## [Your assignment]
Output nothing except the lines from the one containing "Ламинат,натяжные потолки, встроенные" through the final line of the data, both included, typed exactly, minus the pictures.

## [Supplied data]
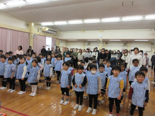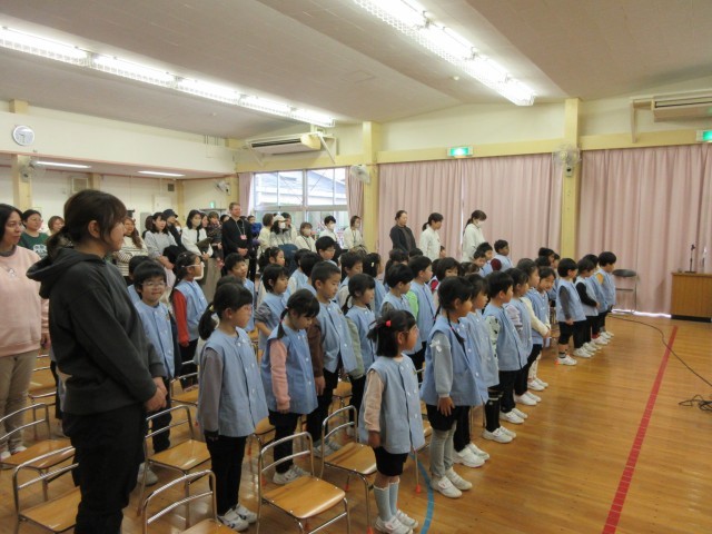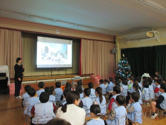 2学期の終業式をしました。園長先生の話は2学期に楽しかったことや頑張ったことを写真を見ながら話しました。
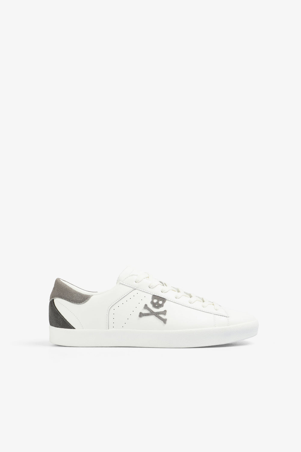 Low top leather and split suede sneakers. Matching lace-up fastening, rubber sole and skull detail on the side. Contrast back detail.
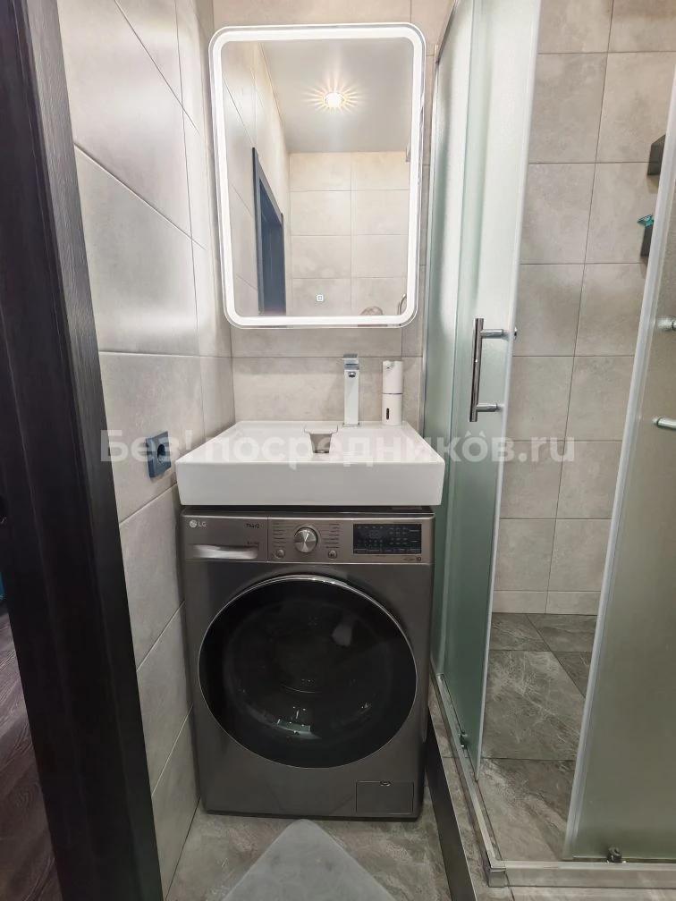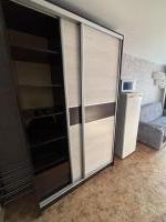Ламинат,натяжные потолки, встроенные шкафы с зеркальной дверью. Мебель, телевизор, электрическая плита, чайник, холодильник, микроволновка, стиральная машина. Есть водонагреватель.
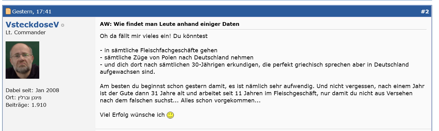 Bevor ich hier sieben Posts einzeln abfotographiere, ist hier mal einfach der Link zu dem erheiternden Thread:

## [Task output]
Ламинат,натяжные потолки, встроенные шкафы с зеркальной дверью. Мебель, телевизор, электрическая плита, чайник, холодильник, микроволновка, стиральная машина. Есть водонагреватель.
 Bevor ich hier sieben Posts einzeln abfotographiere, ist hier mal einfach der Link zu dem erheiternden Thread:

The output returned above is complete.